Original exception message: 'ascii' codec can't decode byte 0xff in position 0: ordinal not in range(128)
Could you please help me to debug this error. Thanks. Below, I provide the screen grab from the successful conversion of "faster_rcnn_resnet50_coco_2018_01_28.tar" and the unsuccessful attempt at the retrained model.
PS C:\Program Files (x86)\IntelSWTools\openvino\deployment_tools\model_optimizer> python .\mo_tf.py --input_model=C:\Users\deepa.kasinathan\Downloads\faster_rcnn_resnet50_coco_2018_01_28.tar\faster_rcnn_resnet50_coco_2018_01_28\frozen_inference_graph.pb --tensorflow_use_custom_operations_config 'C:\Program Files (x86)\IntelSWTools\openvino\deployment_tools\model_optimizer\extensions\front\tf\faster_rcnn_support.json' --tensorflow_object_detection_api_pipeline_config 'C:\Users\deepa.kasinathan\Downloads\faster_rcnn_resnet50_coco_2018_01_28.tar\faster_rcnn_resnet50_coco_2018_01_28\pipeline.config' --reverse_input_channels
Model Optimizer arguments:
Common parameters:
- Path to the Input Model: C:\Users\deepa.kasinathan\Downloads\faster_rcnn_resnet50_coco_2018_01_28.tar\faster_rcnn_resnet50_coco_2018_01_28\frozen_inference_graph.pb
- Path for generated IR: C:\Program Files (x86)\IntelSWTools\openvino\deployment_tools\model_optimizer\.
- IR output name: frozen_inference_graph
- Log level: ERROR
- Batch: Not specified, inherited from the model
- Input layers: Not specified, inherited from the model
- Output layers: Not specified, inherited from the model
- Input shapes: Not specified, inherited from the model
- Mean values: Not specified
- Scale values: Not specified
- Scale factor: Not specified
- Precision of IR: FP32
- Enable fusing: True
- Enable grouped convolutions fusing: True
- Move mean values to preprocess section: False
- Reverse input channels: True
TensorFlow specific parameters:
- Input model in text protobuf format: False
- Path to model dump for TensorBoard: None
- List of shared libraries with TensorFlow custom layers implementation: None
- Update the configuration file with input/output node names: None
- Use configuration file used to generate the model with Object Detection API: C:\Users\deepa.kasinathan\Downloads\faster_rcnn_resnet50_coco_2018_01_28.tar\faster_rcnn_resnet50_coco_2018_01_28\pipeline.config
- Operations to offload: None
- Patterns to offload: None
- Use the config file: C:\Program Files (x86)\IntelSWTools\openvino\deployment_tools\model_optimizer\extensions\front\tf\faster_rcnn_support.json
Model Optimizer version: 2019.3.0-408-gac8584cb7
2020-01-02 09:42:34.782298: W tensorflow/stream_executor/platform/default/dso_loader.cc:55] Could not load dynamic library 'cudart64_100.dll'; dlerror: cudart64_100.dll not found
2020-01-02 09:42:34.787208: I tensorflow/stream_executor/cuda/cudart_stub.cc:29] Ignore above cudart dlerror if you do not have a GPU set up on your machine.

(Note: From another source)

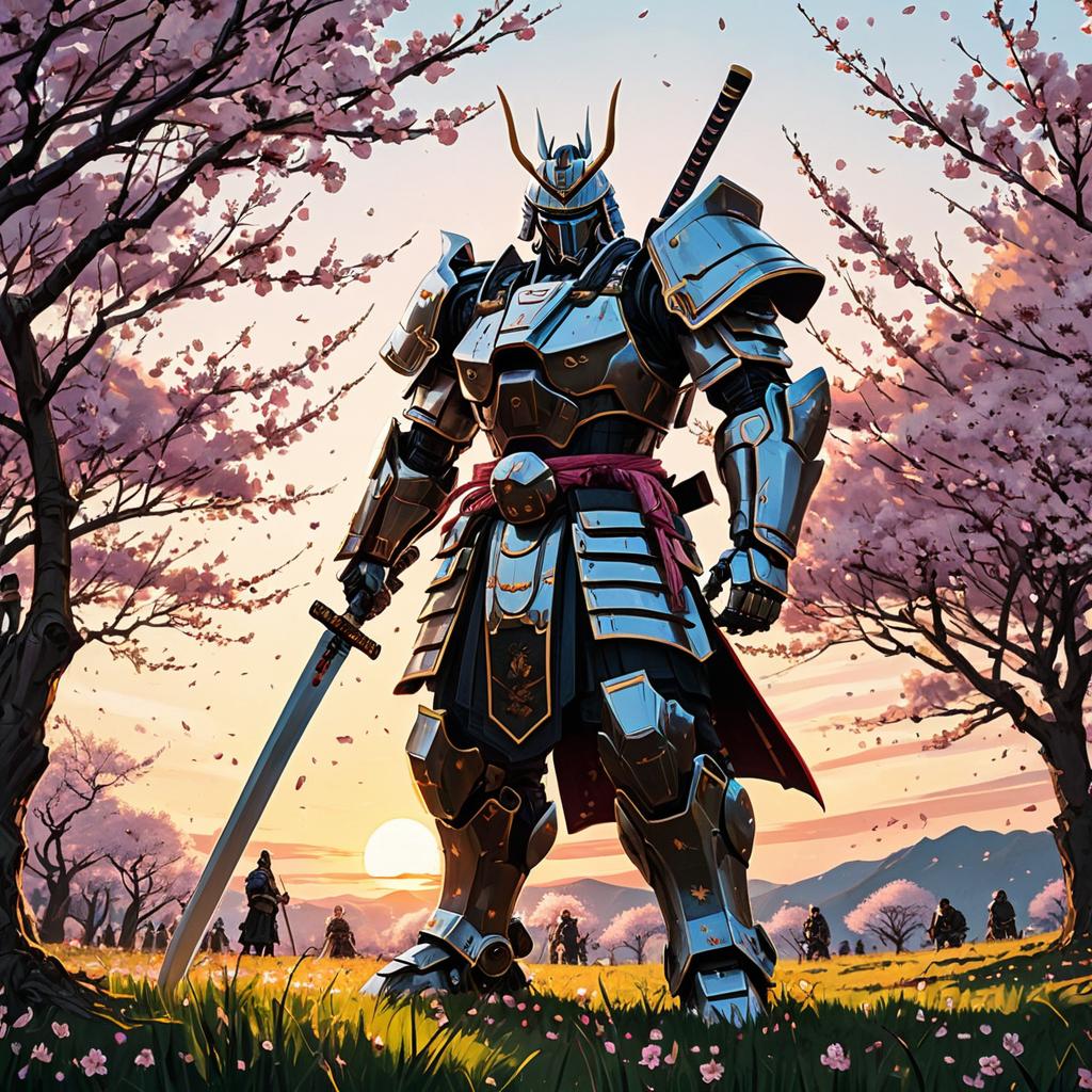 Cybernetic Samurai with Flaming Greatsword on Volcanic Crag
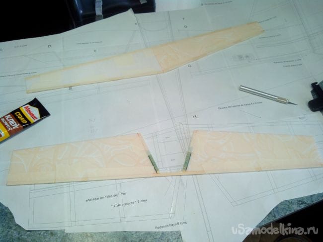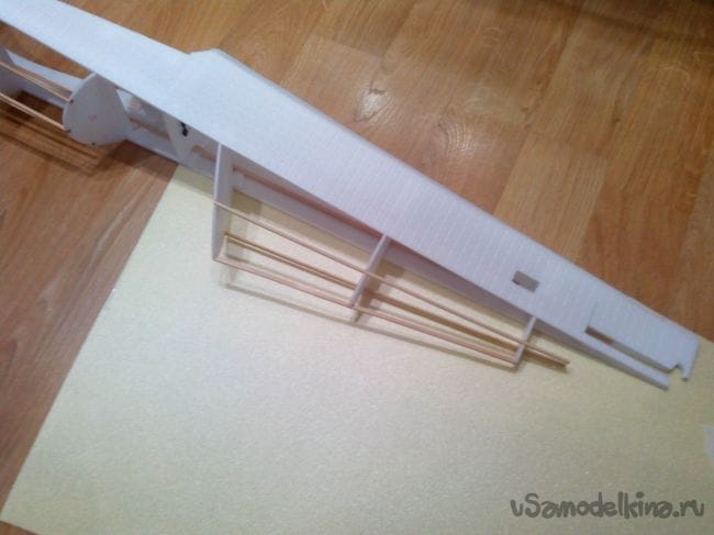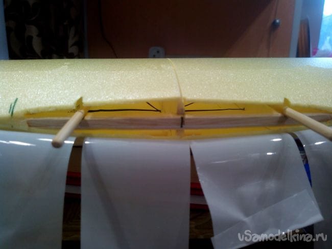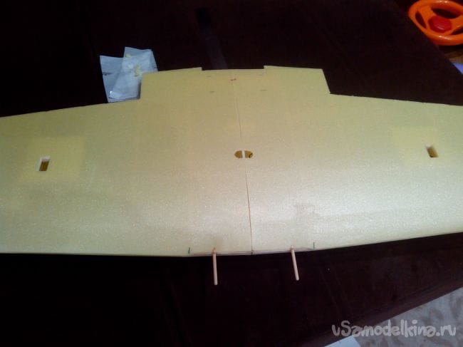 Обшивку крыла немного надрезаем в центральной части, вклеиваем штырьки из бамбуковых шпажек. Они должны выступать на 4 см и доставать до лонжерона.

[ WARNING ] Model Optimizer removes pre-processing block of the model which resizes image keeping aspect ratio. The Inference Engine does not support dynamic image size so the Intermediate Representation file is generated with the input image size of a fixed size.
Specify the "--input_shape" command line parameter to override the default shape which is equal to (600, 600).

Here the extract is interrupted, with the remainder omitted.